● **Task goal**
For each record below, retype the text exactly and omit any image.

● **Data for the task**
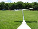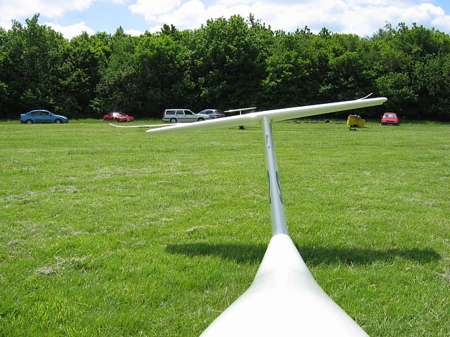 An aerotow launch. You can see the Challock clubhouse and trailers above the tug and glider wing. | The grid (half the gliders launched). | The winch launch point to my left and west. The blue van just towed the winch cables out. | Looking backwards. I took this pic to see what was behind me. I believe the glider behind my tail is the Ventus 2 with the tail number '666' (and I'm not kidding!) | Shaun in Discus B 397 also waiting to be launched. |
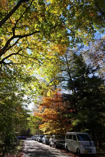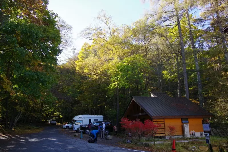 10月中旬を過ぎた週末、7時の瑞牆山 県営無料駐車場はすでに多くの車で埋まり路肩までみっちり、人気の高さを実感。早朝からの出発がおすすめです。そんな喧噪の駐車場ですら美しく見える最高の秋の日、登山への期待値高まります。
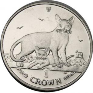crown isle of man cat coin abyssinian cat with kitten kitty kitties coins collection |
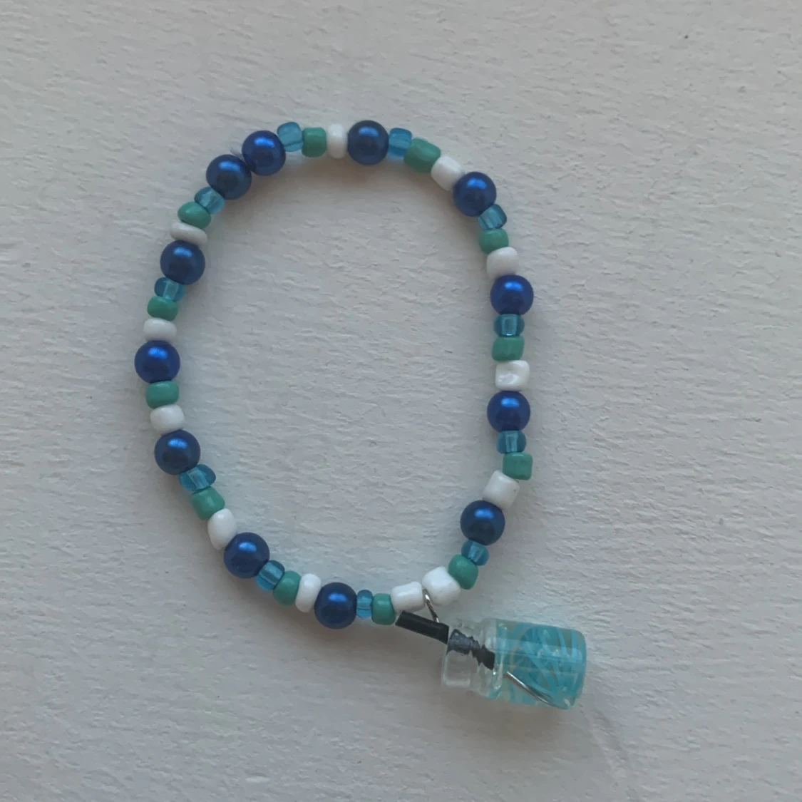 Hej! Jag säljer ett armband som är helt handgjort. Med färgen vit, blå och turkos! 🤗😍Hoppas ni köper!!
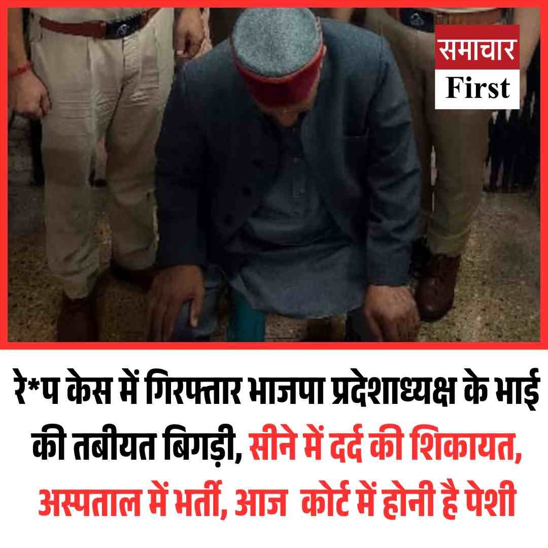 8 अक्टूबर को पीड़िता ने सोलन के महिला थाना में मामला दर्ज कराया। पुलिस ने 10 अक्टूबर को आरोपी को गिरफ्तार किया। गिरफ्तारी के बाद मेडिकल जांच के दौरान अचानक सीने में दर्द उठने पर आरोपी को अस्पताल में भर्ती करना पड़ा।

● **Solution for this exercise**
 An aerotow launch. You can see the Challock clubhouse and trailers above the tug and glider wing. | The grid (half the gliders launched). | The winch launch point to my left and west. The blue van just towed the winch cables out. | Looking backwards. I took this pic to see what was behind me. I believe the glider behind my tail is the Ventus 2 with the tail number '666' (and I'm not kidding!) | Shaun in Discus B 397 also waiting to be launched. |
 10月中旬を過ぎた週末、7時の瑞牆山 県営無料駐車場はすでに多くの車で埋まり路肩までみっちり、人気の高さを実感。早朝からの出発がおすすめです。そんな喧噪の駐車場ですら美しく見える最高の秋の日、登山への期待値高まります。
crown isle of man cat coin abyssinian cat with kitten kitty kitties coins collection |
 Hej! Jag säljer ett armband som är helt handgjort. Med färgen vit, blå och turkos! 🤗😍Hoppas ni köper!!
 8 अक्टूबर को पीड़िता ने सोलन के महिला थाना में मामला दर्ज कराया। पुलिस ने 10 अक्टूबर को आरोपी को गिरफ्तार किया। गिरफ्तारी के बाद मेडिकल जांच के दौरान अचानक सीने में दर्द उठने पर आरोपी को अस्पताल में भर्ती करना पड़ा।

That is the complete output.